■ RAW DATA:

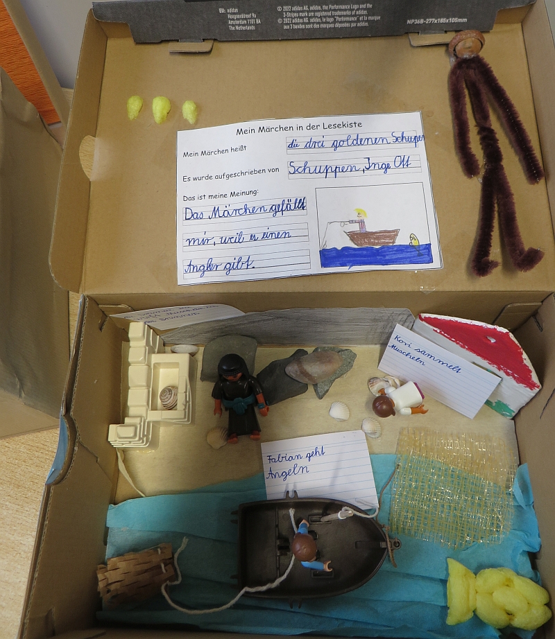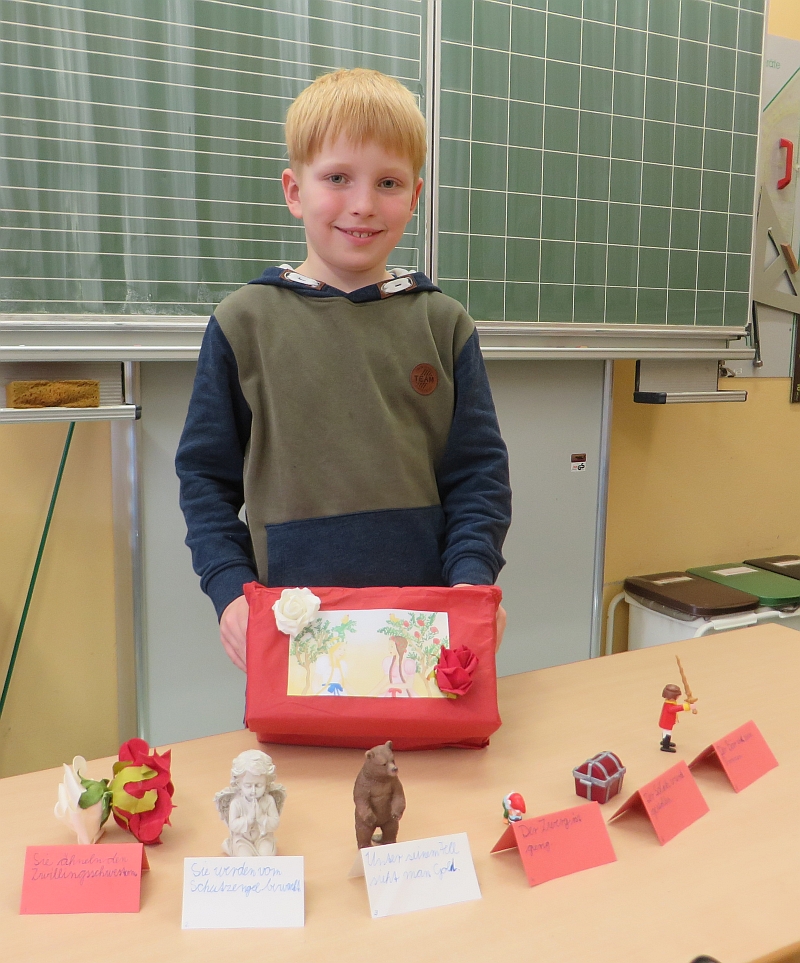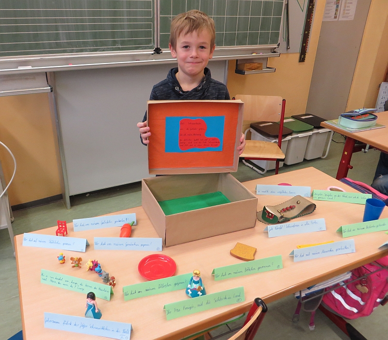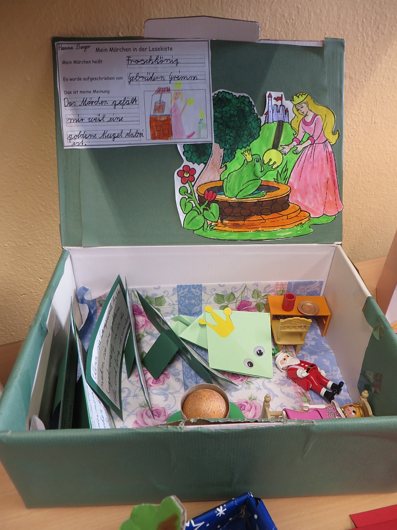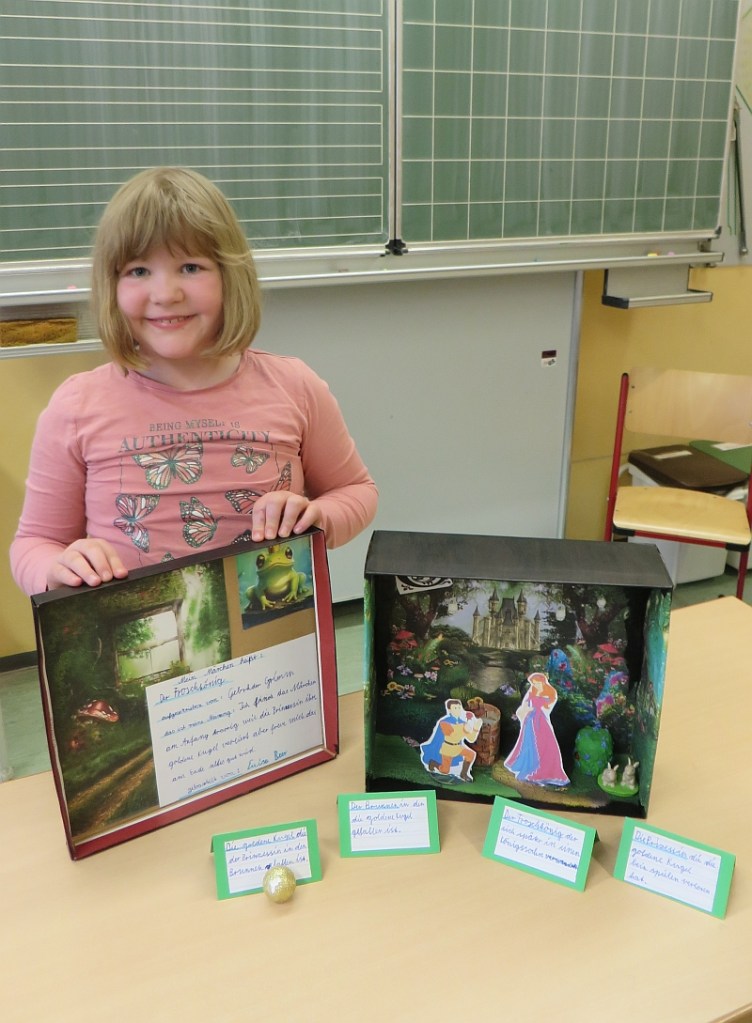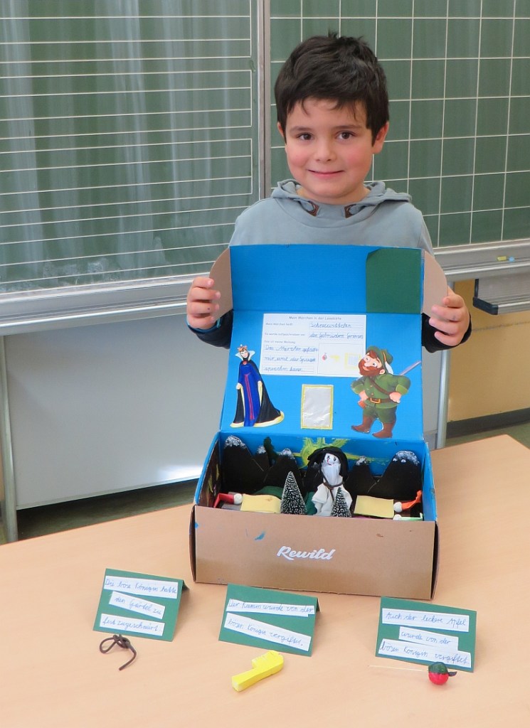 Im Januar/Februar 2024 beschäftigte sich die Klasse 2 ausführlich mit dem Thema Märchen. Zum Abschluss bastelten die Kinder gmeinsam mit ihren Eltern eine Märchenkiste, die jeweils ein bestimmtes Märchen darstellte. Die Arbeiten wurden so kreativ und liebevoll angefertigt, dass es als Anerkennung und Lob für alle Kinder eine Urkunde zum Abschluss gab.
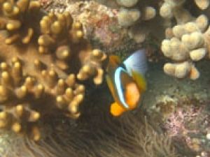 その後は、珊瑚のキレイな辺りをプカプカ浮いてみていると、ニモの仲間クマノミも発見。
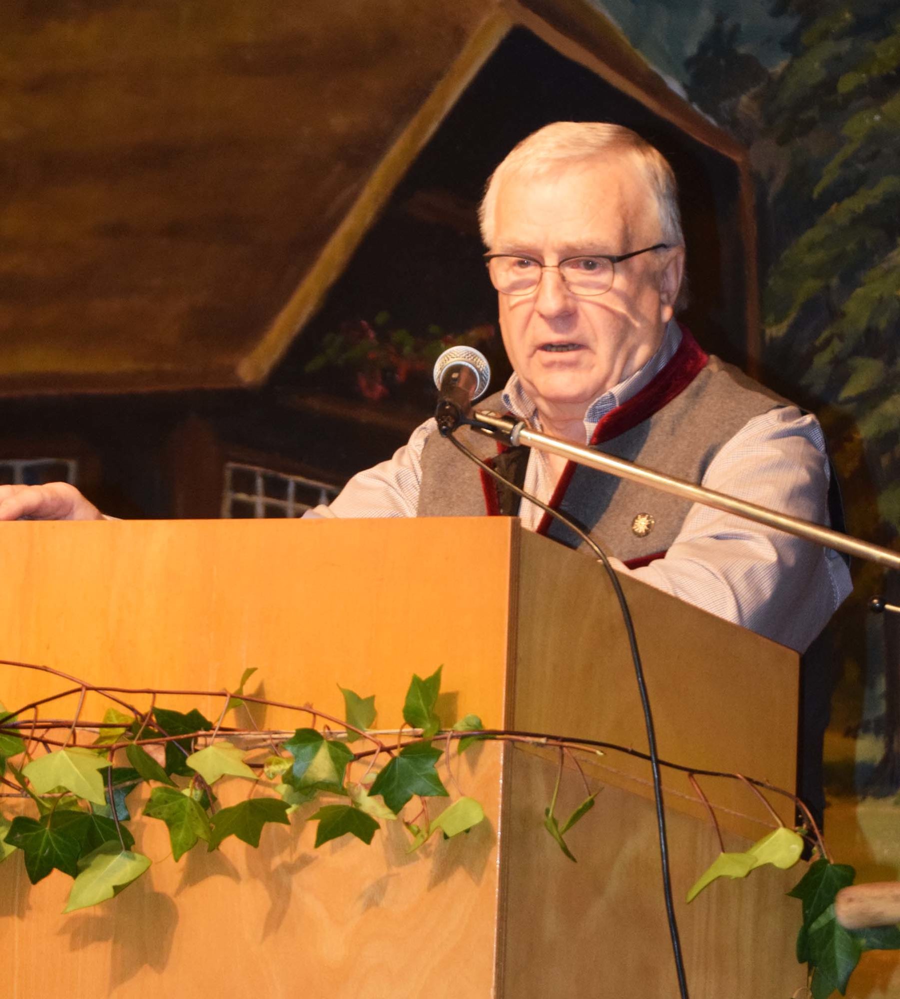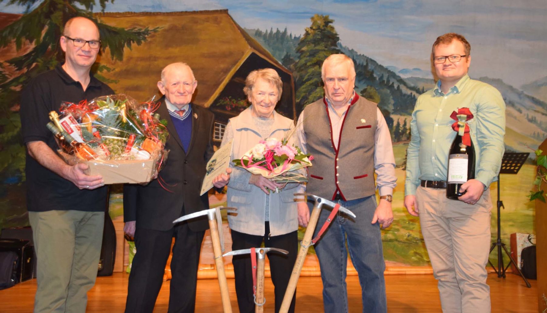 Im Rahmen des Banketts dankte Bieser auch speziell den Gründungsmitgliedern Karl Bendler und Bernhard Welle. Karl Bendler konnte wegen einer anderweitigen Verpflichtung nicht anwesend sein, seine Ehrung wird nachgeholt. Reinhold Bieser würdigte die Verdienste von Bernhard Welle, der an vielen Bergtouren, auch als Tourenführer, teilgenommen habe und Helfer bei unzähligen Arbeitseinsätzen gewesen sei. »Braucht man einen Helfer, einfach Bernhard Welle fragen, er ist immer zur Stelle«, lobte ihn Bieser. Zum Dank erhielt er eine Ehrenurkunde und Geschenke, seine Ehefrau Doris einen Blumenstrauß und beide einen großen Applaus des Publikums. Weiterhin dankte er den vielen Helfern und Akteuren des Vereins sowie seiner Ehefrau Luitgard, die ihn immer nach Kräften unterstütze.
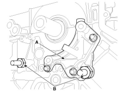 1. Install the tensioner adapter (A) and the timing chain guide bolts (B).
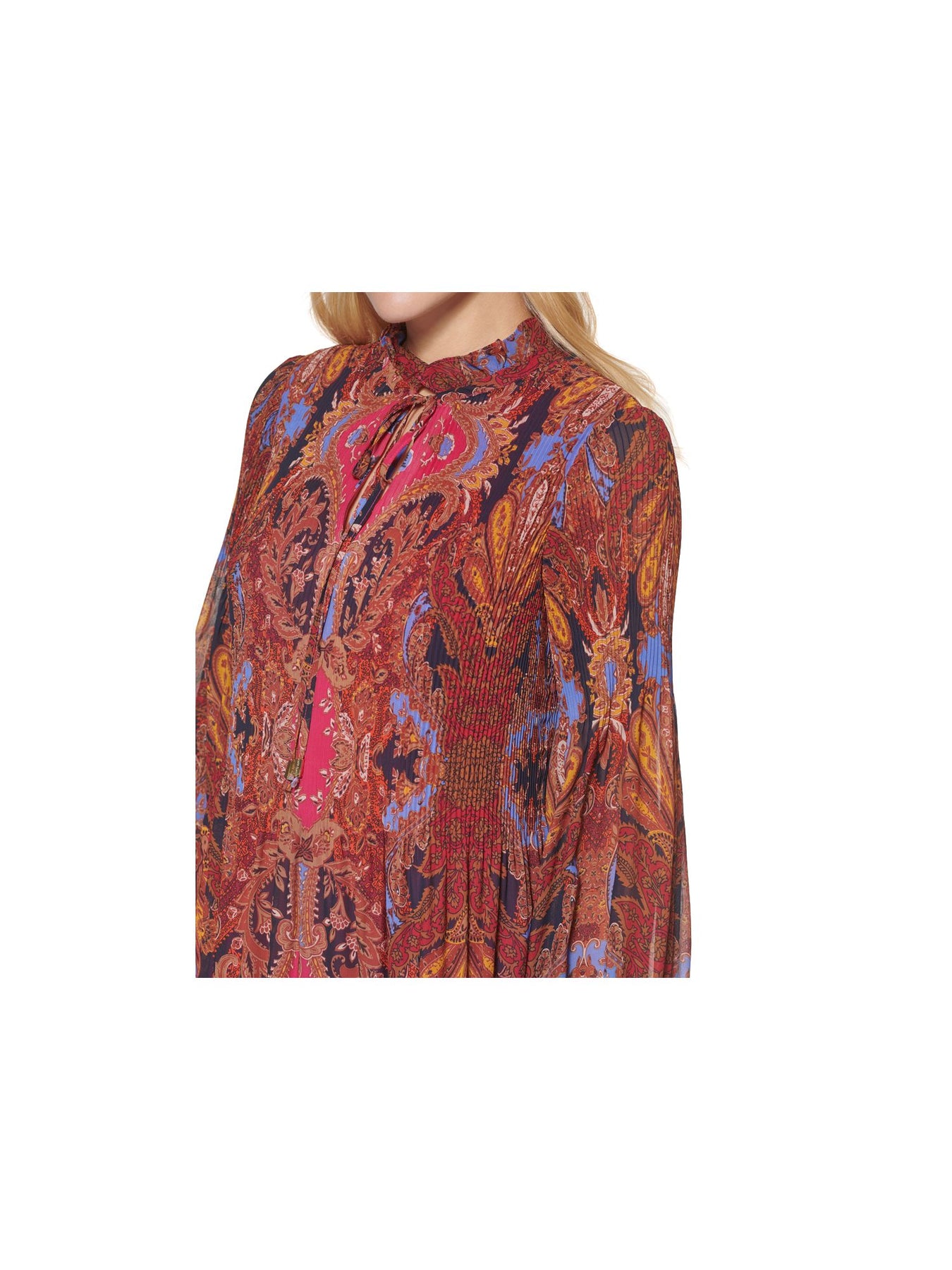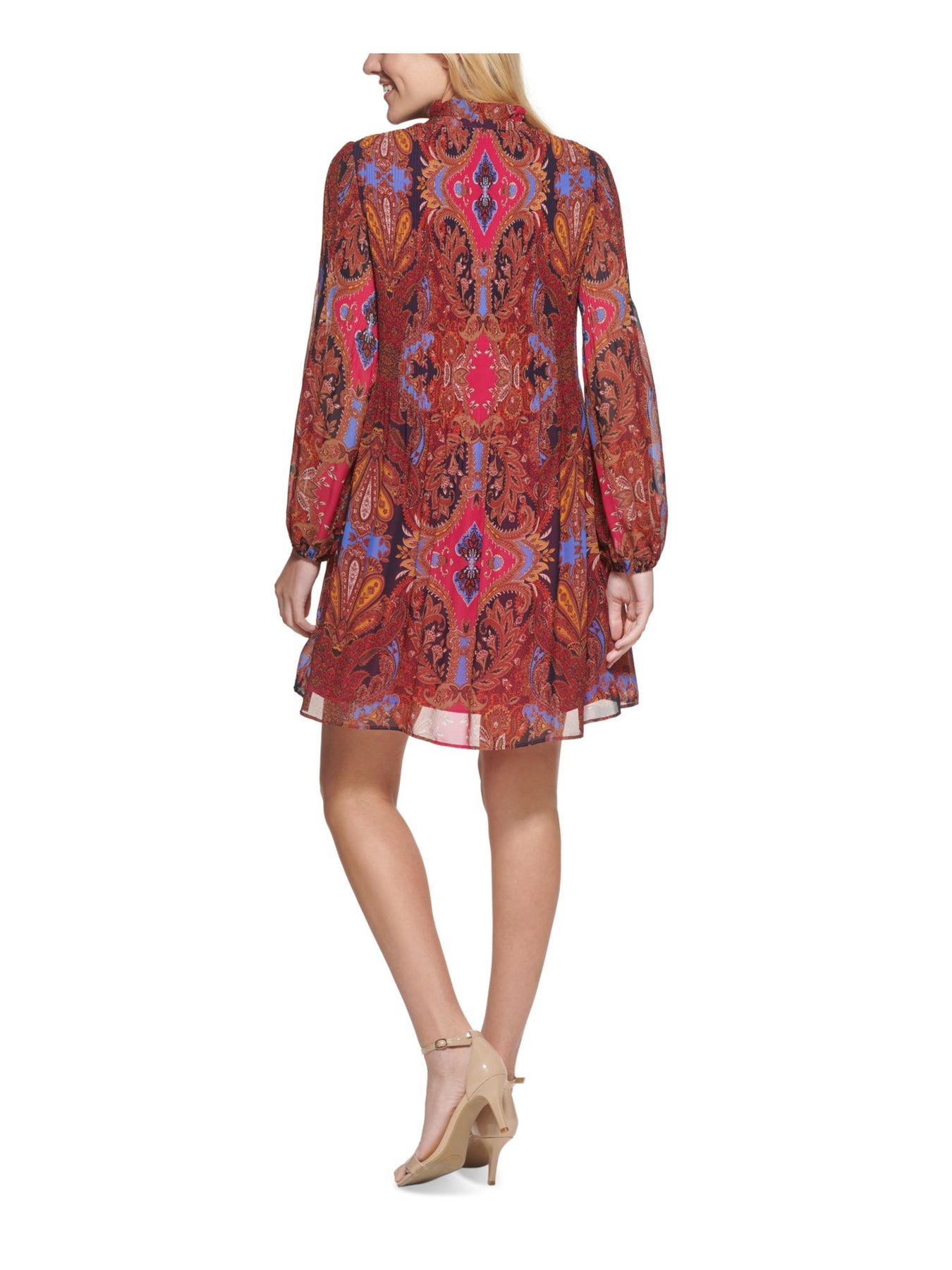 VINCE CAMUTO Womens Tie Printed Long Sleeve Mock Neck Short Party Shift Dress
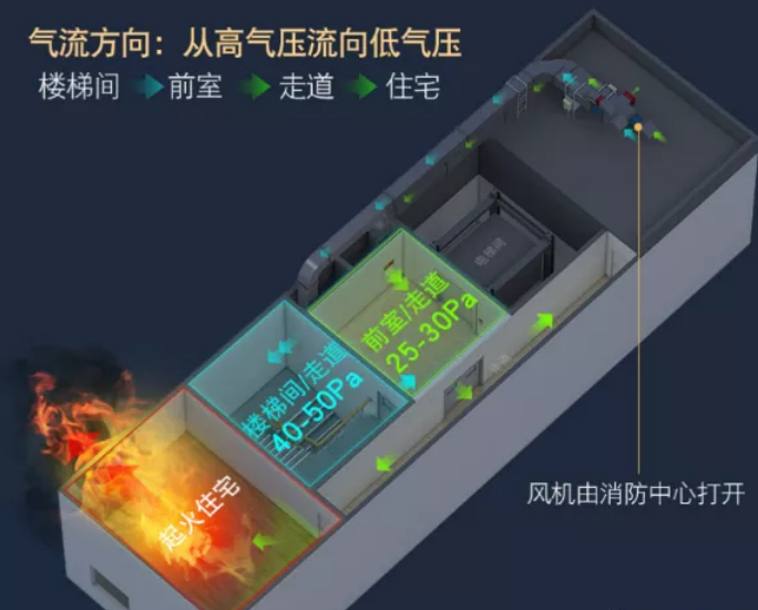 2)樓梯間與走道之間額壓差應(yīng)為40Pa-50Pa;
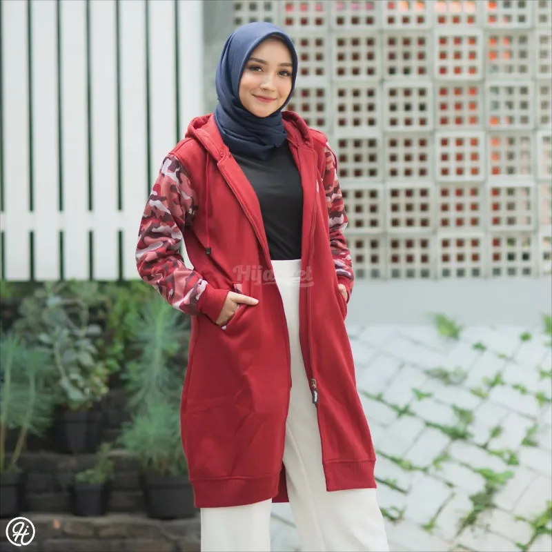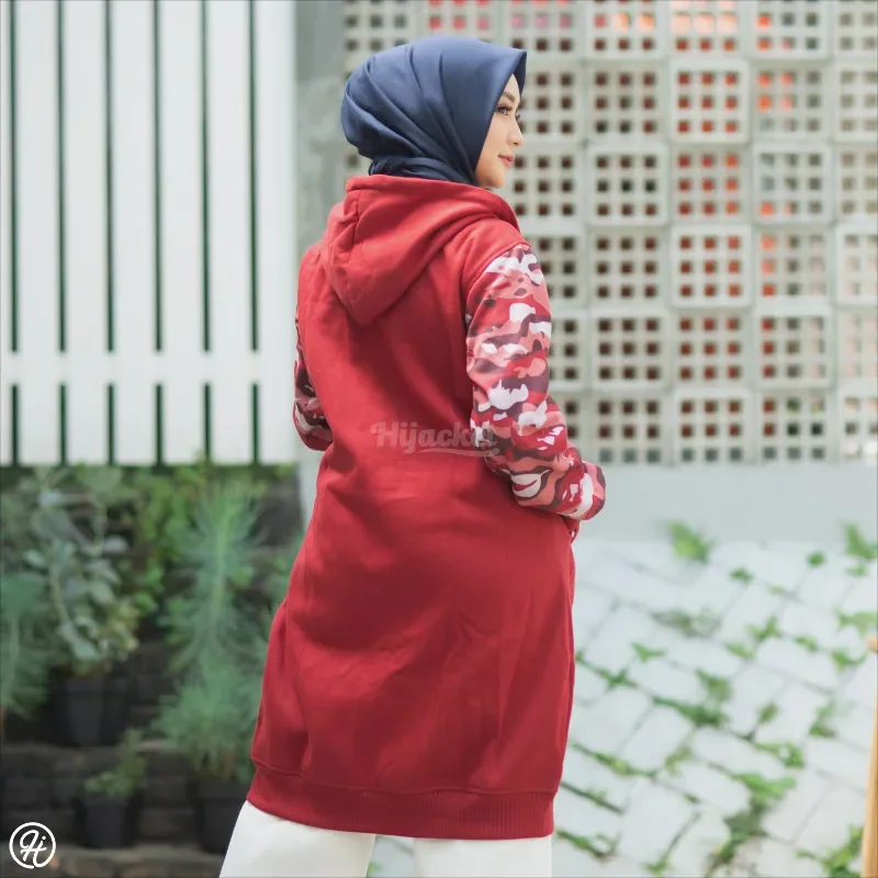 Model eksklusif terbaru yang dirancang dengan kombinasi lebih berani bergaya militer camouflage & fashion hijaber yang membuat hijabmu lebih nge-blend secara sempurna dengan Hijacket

■ WHAT TO WORK ON: Could you output the entire listing verbatim while omitting its pictures?

■ SOLUTION TO THIS TASK:
 Im Januar/Februar 2024 beschäftigte sich die Klasse 2 ausführlich mit dem Thema Märchen. Zum Abschluss bastelten die Kinder gmeinsam mit ihren Eltern eine Märchenkiste, die jeweils ein bestimmtes Märchen darstellte. Die Arbeiten wurden so kreativ und liebevoll angefertigt, dass es als Anerkennung und Lob für alle Kinder eine Urkunde zum Abschluss gab.
 その後は、珊瑚のキレイな辺りをプカプカ浮いてみていると、ニモの仲間クマノミも発見。
 Im Rahmen des Banketts dankte Bieser auch speziell den Gründungsmitgliedern Karl Bendler und Bernhard Welle. Karl Bendler konnte wegen einer anderweitigen Verpflichtung nicht anwesend sein, seine Ehrung wird nachgeholt. Reinhold Bieser würdigte die Verdienste von Bernhard Welle, der an vielen Bergtouren, auch als Tourenführer, teilgenommen habe und Helfer bei unzähligen Arbeitseinsätzen gewesen sei. »Braucht man einen Helfer, einfach Bernhard Welle fragen, er ist immer zur Stelle«, lobte ihn Bieser. Zum Dank erhielt er eine Ehrenurkunde und Geschenke, seine Ehefrau Doris einen Blumenstrauß und beide einen großen Applaus des Publikums. Weiterhin dankte er den vielen Helfern und Akteuren des Vereins sowie seiner Ehefrau Luitgard, die ihn immer nach Kräften unterstütze.
 1. Install the tensioner adapter (A) and the timing chain guide bolts (B).
 VINCE CAMUTO Womens Tie Printed Long Sleeve Mock Neck Short Party Shift Dress
 2)樓梯間與走道之間額壓差應(yīng)為40Pa-50Pa;
 Model eksklusif terbaru yang dirancang dengan kombinasi lebih berani bergaya militer camouflage & fashion hijaber yang membuat hijabmu lebih nge-blend secara sempurna dengan Hijacket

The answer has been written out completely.